4 March, 2010

The lost art of reading

The lost art of reading:

…what happened? It isn’t a failure of desire so much as one of will. Or not will, exactly, but focus: the ability to still my mind long enough to inhabit someone else’s world, and to let that someone else inhabit mine.

Eventually I get there, but some nights it takes 20 pages to settle down. What I’m struggling with is the encroachment of the buzz, the sense that there is something out there that merits my attention, when in fact it’s mostly just a series of disconnected riffs and fragments that add up to the anxiety of the age.

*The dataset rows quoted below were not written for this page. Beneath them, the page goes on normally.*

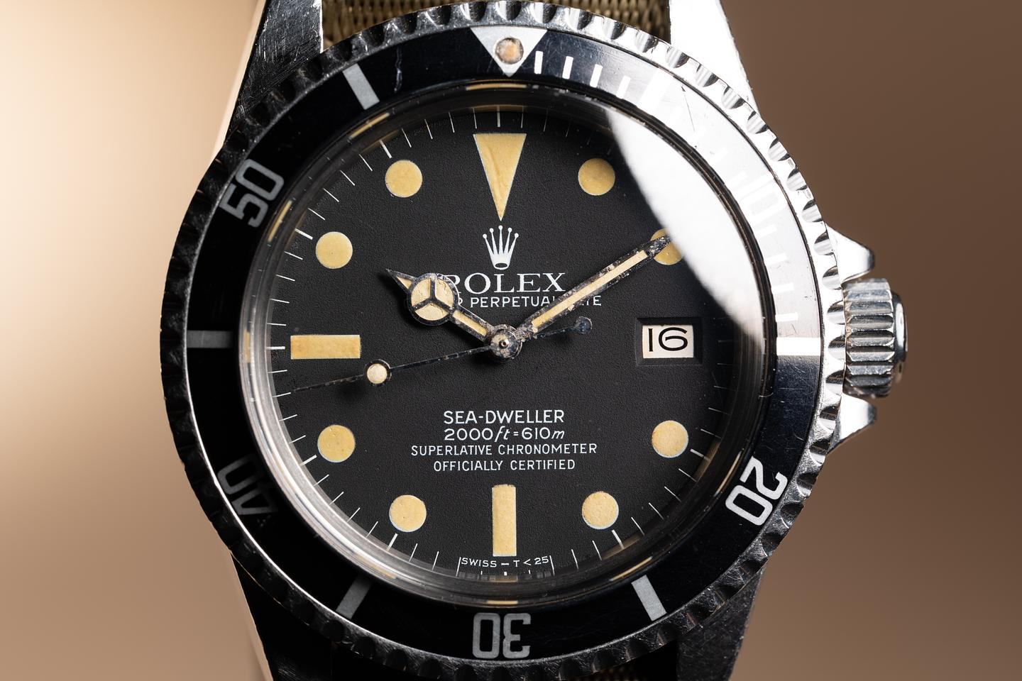 Dial: The matte black MK 4 "Great White" dial is excellent showing only very light wear for its age. The lume has aged to a creamy hue and the hands have been relumed and appear slightly lighter than the dial.
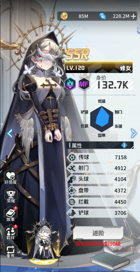 ️拦截:影响球员战术防御和争球的成功率,与敌方前锋进攻属性对冲,数值越高,夺球几率越大,是中场第二培养重心。
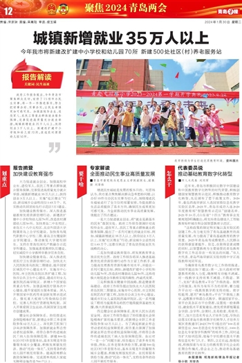青岛早报 聚焦2024青岛两会 A12 2024-01-301 2024年01月30日 星期二
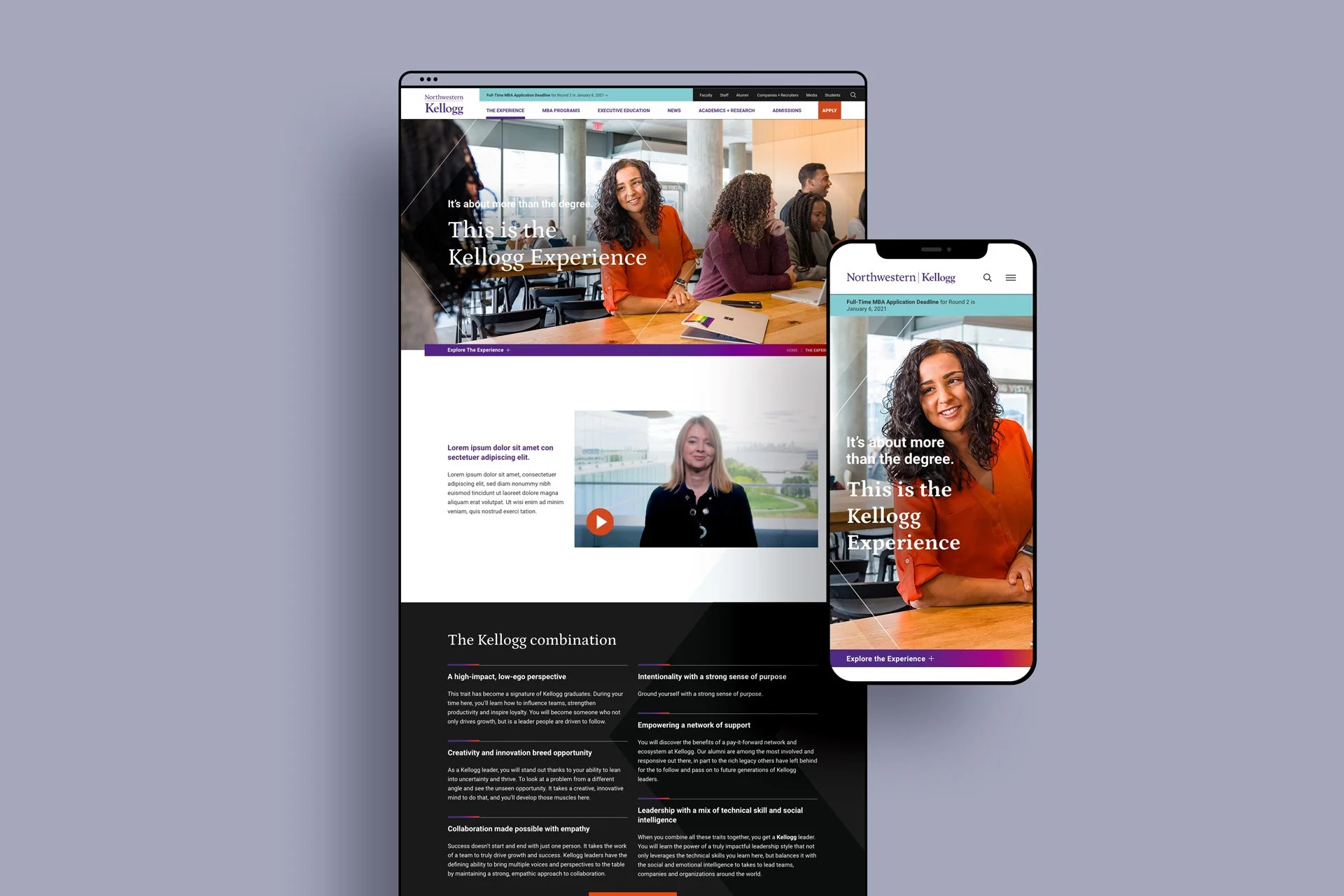 Kellogg website was redesigned to build positive first impressions — connect, capture attention and generate excitement among prospective students.

When settling in to read something deep (long-form articles from The New Yorker, Infinite Jest (which I’ve been working on for the past few months) ), I have to fight the urge to check something, anything: tweets, new posts, whatever I can get my hands on. I’m only able to really put my head down and concentrate if I’ve got everything else off. I have to put some ambient music on loop, close the laptop, lock the phone, and force myself to disconnect.


This quote is largely off-topic, but it’s too lovely to not call out:

Back then, if I’d had the language for it, I might have argued that the world within the pages was more compelling than the world without; I was reading both to escape and to be engaged.

This perfectly captures how I feel after an especially satisfying novel/novella/short story. “How wondrous would it be to exist in this world instead of mine?”